With senior managers being responsible for business continuity ownership and specification, inspections and visits will be more likely to assess their individual knowledge and understanding - rather than the detailed operational preparation.

Invoking a firm's business continuity plan is a specific event requiring immediate notification to the FSA, so scrutiny of a firm's response to any major interruption will be more immediate and more intense.

While good practice guidelines may not be stringently enforced, it is the obligation of insurance companies to fully embrace business continuity. They must fulfil their regulatory obligations and, more importantly, to ensure they continue trading should the worst happen.

As mentioned, it takes events such as the bombings in London to bring the issue of business continuity into focus. However, having a business continuity plan in place proved extremely important for more than 100 companies in Central London that invoked the contingency plan. The incidents showed, in the full glare of the world, the importance of having a plan in place and the benefit of using rehearsals to get them right.

There already exists a mature and experienced business continuity industry of niche service providers that provide business continuity solutions on either a dedicated or shared-risk basis.

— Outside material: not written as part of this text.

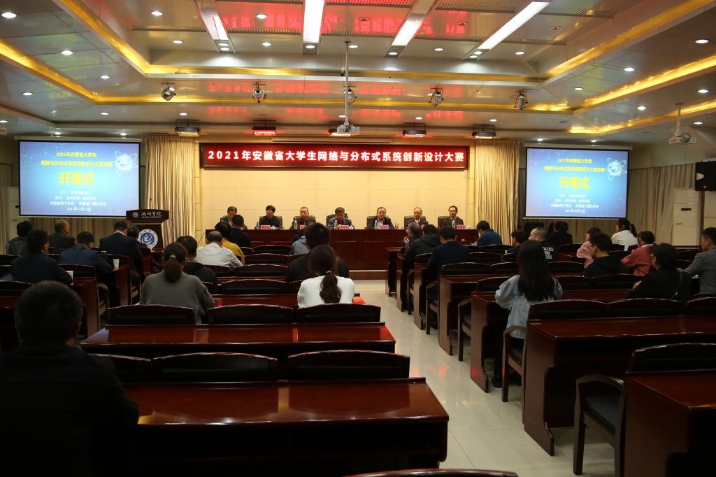 10月16日,由安徽省教育厅主办,william威廉中文官网、巢湖公司、安徽省电子学会、安徽省计算机学会承办,江苏省未来网络创新研究院、南京秉蔚信息科技有限公司协办的2021年安徽省老员工网络与分布式系统创新设计大赛(决赛)在william威廉中文官网开幕。池州公司党委委员、副经理阳光宁教授,安徽省电子学会理事长、安徽大学博士生导师吴先良教授,安徽省计算机学会名誉理事长、中国科学技术大学博士生导师王煦法教授,大赛组委会秘书长、安徽建筑大学陈蕴教授,巢湖公司党委委员、信息工程公司经理郑尚志教授,william威廉中文官网教务处副处长(主持工作)陈建兵教授,大赛协办单位代表以及大赛组委会相关领导和评委专家、参赛师生代表80余人参加了线下开幕式。开幕式由william威廉中文官网副经理周恺主持。

As a whole, the industry has learnt three very good lessons from the London bombings that organisations should think carefully about in terms of planning, whether starting from scratch or reviewing existing plans.

First, every continuity plan has communication at its heart during the invocation stage. The London bombings proved that, when mobile communication is unavailable, landlines become swamped and cannot cope with the sheer volume of calls. Problems surrounding over-reliance on mobile phones, along with what to do if landlines become unavailable, need be given real consideration.

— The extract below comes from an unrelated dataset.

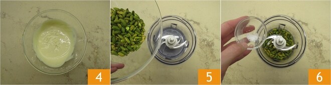 Para preparar o creme de pistache, coloque os pistaches descascados em uma assadeira 1. Torre-os em forno estático pré-aquecido a 185° por 10 minutos, depois retire do forno e deixe esfriar 2. Enquanto isso, pique grosseiramente o chocolate branco e transfira-o para uma tigela 3.

Second, employee logistics need to be seriously considered. What would happen if a city-centre transport system was locked down and potentially thousands of employees could not get to work? What are your obligations as an employer?

The London bombings closed the transport network essentially for one day each time and, as the weekend approached, many organisations allowed employees the day off or the option of working from home. Had there been any hint of chemical or biological attacks, this could have been extended by many weeks, bringing with it a completely different set of problems for human-resources departments. However, merely talking about 'what' and 'if' proves there is a need to have a plan in place to ensure business does not come to a complete standstill.

There are a few options: either have a contingency plan that involves bringing private transport solutions (if allowed access) to a predetermined location, arrange hotel accommodation, have systems and infrastructure that cater for large numbers of home users, or opt to utilise alternative work-place facilities outside of city centres.

A perceived threat

The third lesson revolves around what happens when an invocation takes place because of a perceived threat, rather than actual loss. In the case of organisations whose plan uses a shared resource, then this has the potential to impact on the recovery ability of an organisation that has actually been affected and particularly applies to shared services that have a high number of subscribers or operate an equitable sharing scheme that may see available space divided among those on standby and not just those organisations actually affected.

The rights of clients in terms of standby of plans versus actual invocation, or the ability to invoke based on perceived rather than actual incidents, are issues on which the industry as a whole, and individual providers, needs to be clearly defined.

There are still many lessons being learned, in every, respect from the London bombings. If businesses are to genuinely reduce the impact in human and economic terms, it is important that these lessons are heeded by those with existing plans and vital for those just starting the process.